Eclaircie suspendue

Au hasard des rues, j’entends parfois par la porte ouverte d’un disquaire ou comme un air qui s’échappe des étages, quelques notes, une mélodie, du piano ou de la guitare, un orchestre, manouche ou du jazz, Mahler ou Nina Simone et je me dis que j’aurais aimé être musicienne.
Tu fais quoi dans la vie? Je suis musicienne, je joue d’un instrument, je joue!
Enfant je pensais que la vie serait un peu comme une course à travers champ.
1, 2, 3, allez Sophie, le plus vite possible, et des herbes hautes, plus hautes que ma tête, et la possibilité d’aller dans tous les sens sans voir à plus d’un mètre, quelle importance?
Ça devait ressembler à ça normalement. Les grands ils faisaient pareil au fond, ils allaient dans une direction, ils choisissaient une voie, parfois ils se trompaient, ils faisaient marche arrière, mais à les regarder, les doigts pleins de pissenlits, des épis dans les cheveux, la vie semblait plutôt fun.

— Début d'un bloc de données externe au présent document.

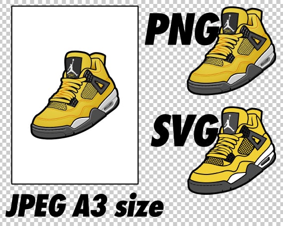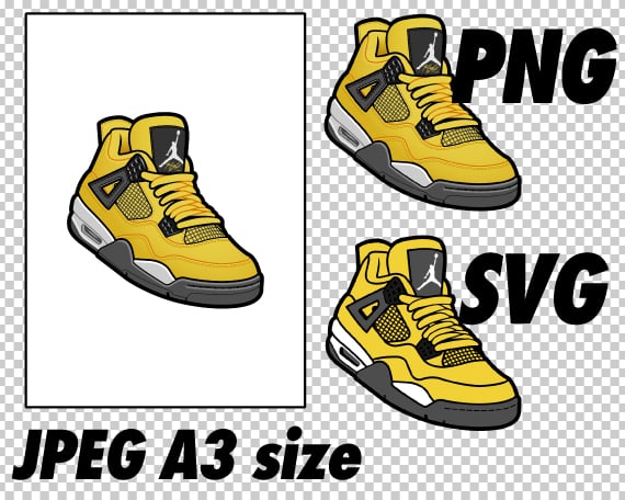 Air Jordan 4 Lightning JPEG PNG SVG digital sneaker art

Comment se fait-il alors qu’aujourd’hui je crois avoir négligé une direction dans ma course. Serais je sortie du champ, ou pire y serais-je encore et viendrais-je de me rendre compte qu’on ne peut pas aller comme bon nous semble vers les arbres ou le soleil?
J’aurais voulu être musicienne, sans y avoir peut être jamais pensé avant aujourd’hui, j’aurais voulu avoir à faire cet après midi avec un instrument.
Je vois bien qu’elle le sait elle, qui marche sans rien dire, celle-ci, qui rentre dans une boutique. Tiens, elle ressort, ben oui je suis toujours là, je n’ai pas bougée, je n’ai pas de raison de bouger, je voulais faire de la musique et voilà que je vous regarde à présent, devant cette boutique, jolie robe en tout cas. Moi je fais des photos, ah oui tiens, les photos j’aime ça, quand j’étais petite je me disais parfois que j’aimerais faire de la photo, vous jouez d’un instrument? Non, ce n’est pas grave après tout, je peux faire une photo de vous?